Top of Records supplied

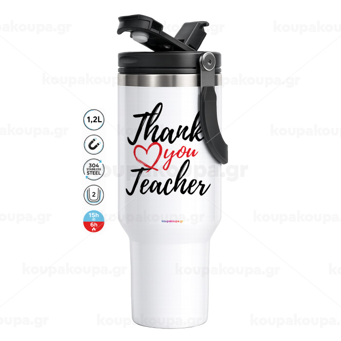 Thank you teacher, Mega Tumbler με καπάκι, διπλού τοιχώματος (θερμό) 1,2L
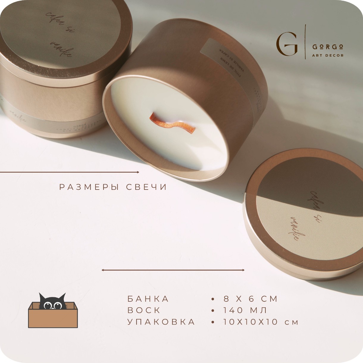 Состав: натуральный соевый воск (140 мл), двойной деревянный фитиль в форме волны, металлическая тара с крышкой цвета розового золота, отдушка.
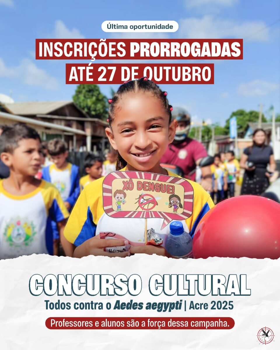 A organização do projeto “Todos Contra o Aedes Aegypti – Edição Acre 2025” prorrogou o prazo de inscrições do Concurso Cultural destinado a professores e alunos do 3º e 4º anos do ensino fundamental de escolas públicas dos municípios de Rio Branco, Cruzeiro do Sul, Capixaba, Feijó, Mâncio Lima, Senador Guiomard, Sena Madureira, Rodrigues Alves, Tarauacá e Xapuri. Agora, os interessados poderão se inscrever até o dia 27 de outubro de 2025.
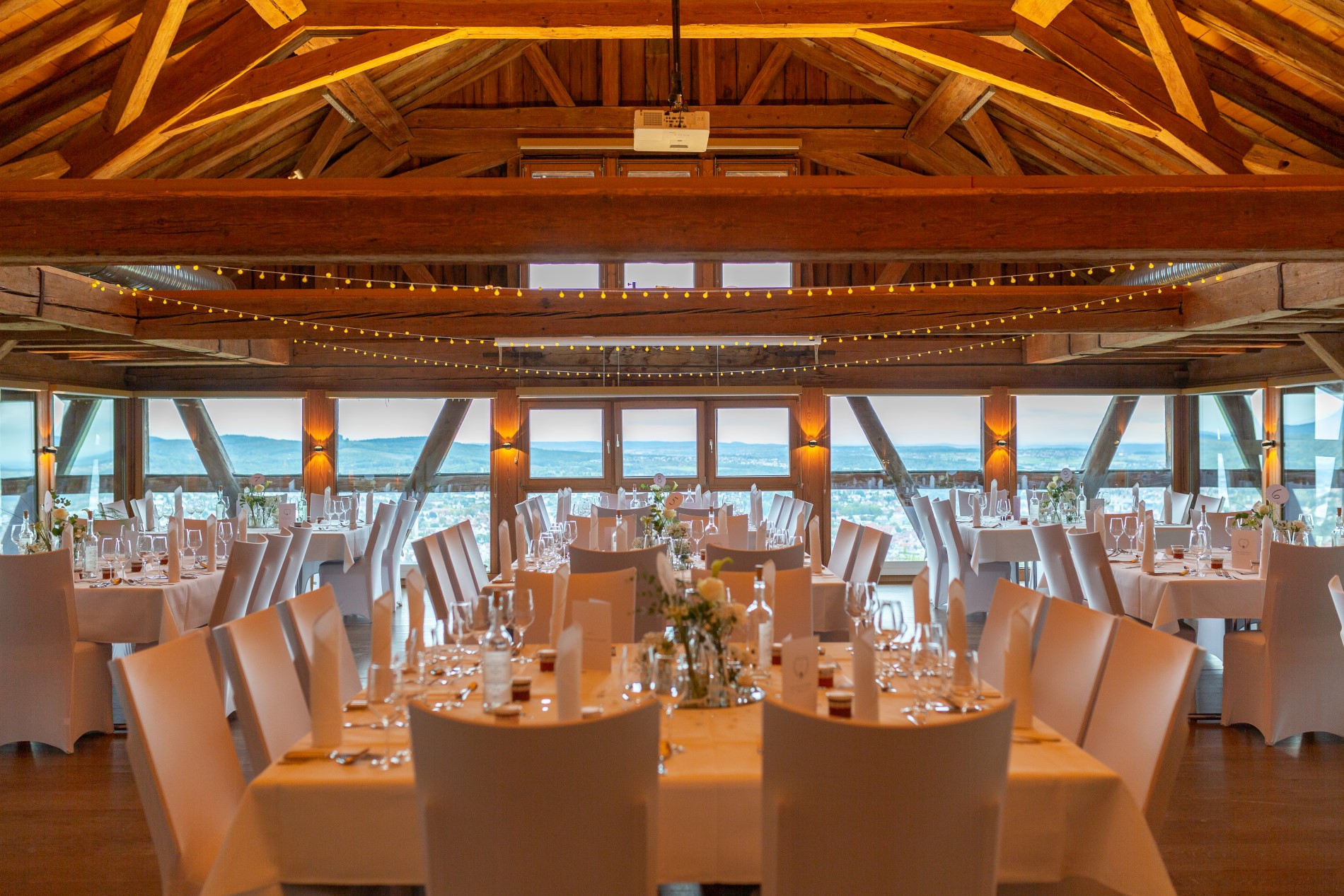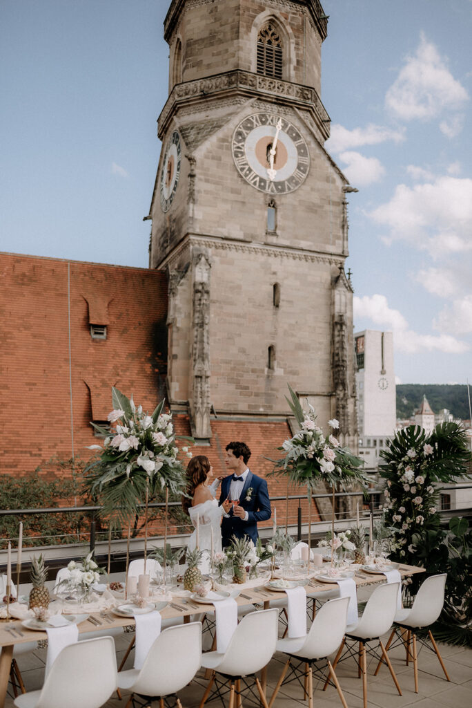 Etwas ganz Besonderes ist natürlich auch eine Hochzeitsfeier mit einem spektakulären Ausblick. Hoch über den Dächern der Stadt oder sogar noch höher auf einem Hügel der schwäbischen Alb. Wer ersteres bevorzugt ist bei „OutOfOffice“ genau richtig. Die Dachterrasse im 5. Stock direkt neben der Stiftskirche ist ein absolutes Highlight in der Altstadt Stuttgarts. Auch das Skyloft Stuttgart und das F&K Studio bieten eine aussichtsreiche Location in der Stadtmitte. Sollte euch das nicht hoch genug sein, bietet sich auch der Fernsehturm Stuttgart als Hochzeitsort an. Eine Trauung und Feier bei über 100 Metern kann wortwörtlich wenig übertreffen. Wenn ihr allerdings eher die Aussicht auf die Hügel und Berge der schwäbischen Alb bevorzugt, dann wäre eine Hochzeit in der Burg Hohenneuffen perfekt für euch!
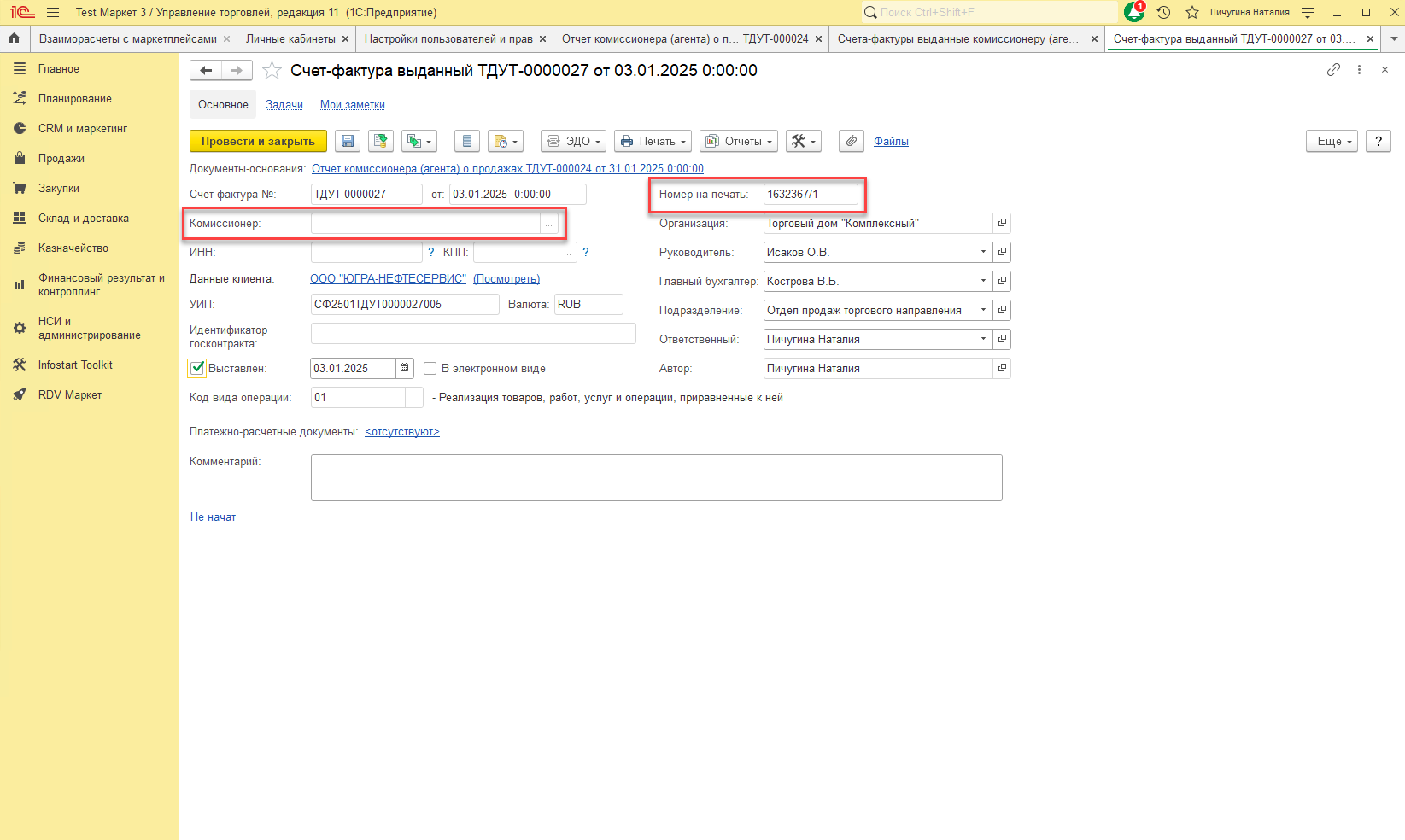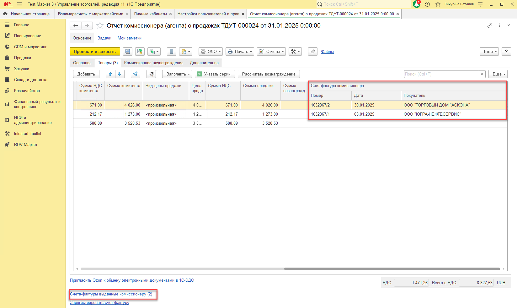 По каждой счет фактуре от маркетплейса будет создан документ "Счет-фактура выданный". Посмотреть все сформированные счета-фактуры можно, перейдя по гиперссылке "Счета-фактуры выданные комиссионеру".
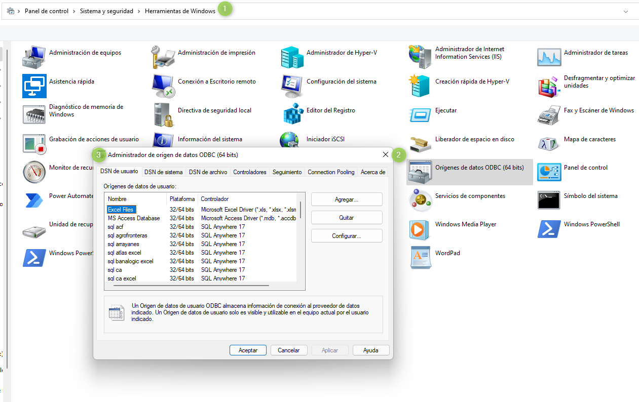 Para configurar la conexión ODBC, debemos ir a Panel de control, Sistema y Seguridad, Herramientas Administrativas, Administrador de Origen de datos ODBC 64 bits,
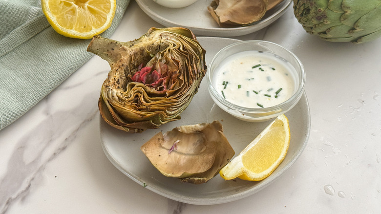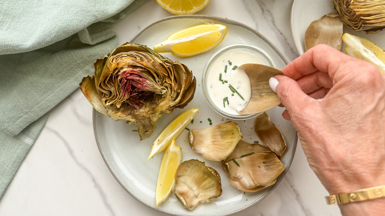Step 11: Serve the artichokes with garlic dip
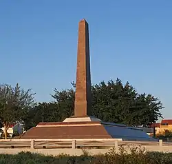 Auf einer rechteckigen erhöhten Plattform, deren Schmalseite auf die Sderot Moscheh Sneh ausgerichtet ist, erhebt sich in seinem von der Straße aus gesehen hinteren Drittel mittig ein Obelisk in rotem ägyptischem Granit.[13] An den vier Seiten seines Sockels erinnern die Worte, übersetzt auf deutsch «Zum Gedenken an die gefallenen Soldaten der Schlacht bei Isdud»,[13] auf Arabisch, Englisch, Hebräisch und in ägyptischen Hieroglyphen, an die hier im Krieg gegen Israels Unabhängigkeit getöteten Ägypter.[37]
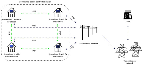 - Long, C.; Wu, J.; Zhang, C.; Thomas, L.; Cheng, M.; Jenkins, N. Peer-to-peer energy trading in a community microgrid. In Proceedings of the 2017 IEEE Power & Energy Society General Meeting, Chicago, IL, USA, 16–20 July 2017; pp. 1–5. [Google Scholar] [CrossRef]
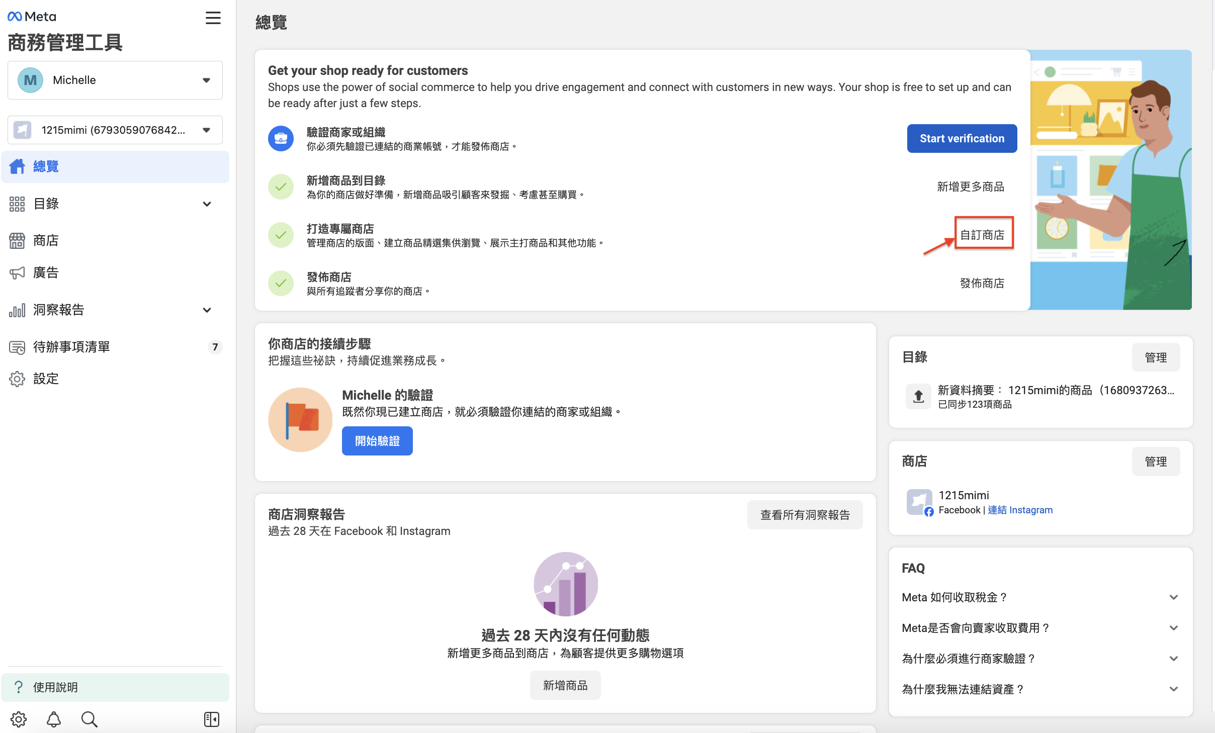 當商家驗證通過後,可點擊總覽,進入『自訂商店』

Bottom of Records supplied

**Problem requirements:** The first line of the entries, the line containing "Step 11: Serve the artichokes with garlic dip", and every line between them are to be output exactly; pictures are not.

**Solution for this problem:**
 Thank you teacher, Mega Tumbler με καπάκι, διπλού τοιχώματος (θερμό) 1,2L
 Состав: натуральный соевый воск (140 мл), двойной деревянный фитиль в форме волны, металлическая тара с крышкой цвета розового золота, отдушка.
 A organização do projeto “Todos Contra o Aedes Aegypti – Edição Acre 2025” prorrogou o prazo de inscrições do Concurso Cultural destinado a professores e alunos do 3º e 4º anos do ensino fundamental de escolas públicas dos municípios de Rio Branco, Cruzeiro do Sul, Capixaba, Feijó, Mâncio Lima, Senador Guiomard, Sena Madureira, Rodrigues Alves, Tarauacá e Xapuri. Agora, os interessados poderão se inscrever até o dia 27 de outubro de 2025.
 Etwas ganz Besonderes ist natürlich auch eine Hochzeitsfeier mit einem spektakulären Ausblick. Hoch über den Dächern der Stadt oder sogar noch höher auf einem Hügel der schwäbischen Alb. Wer ersteres bevorzugt ist bei „OutOfOffice“ genau richtig. Die Dachterrasse im 5. Stock direkt neben der Stiftskirche ist ein absolutes Highlight in der Altstadt Stuttgarts. Auch das Skyloft Stuttgart und das F&K Studio bieten eine aussichtsreiche Location in der Stadtmitte. Sollte euch das nicht hoch genug sein, bietet sich auch der Fernsehturm Stuttgart als Hochzeitsort an. Eine Trauung und Feier bei über 100 Metern kann wortwörtlich wenig übertreffen. Wenn ihr allerdings eher die Aussicht auf die Hügel und Berge der schwäbischen Alb bevorzugt, dann wäre eine Hochzeit in der Burg Hohenneuffen perfekt für euch!
 По каждой счет фактуре от маркетплейса будет создан документ "Счет-фактура выданный". Посмотреть все сформированные счета-фактуры можно, перейдя по гиперссылке "Счета-фактуры выданные комиссионеру".
 Para configurar la conexión ODBC, debemos ir a Panel de control, Sistema y Seguridad, Herramientas Administrativas, Administrador de Origen de datos ODBC 64 bits,
Step 11: Serve the artichokes with garlic dip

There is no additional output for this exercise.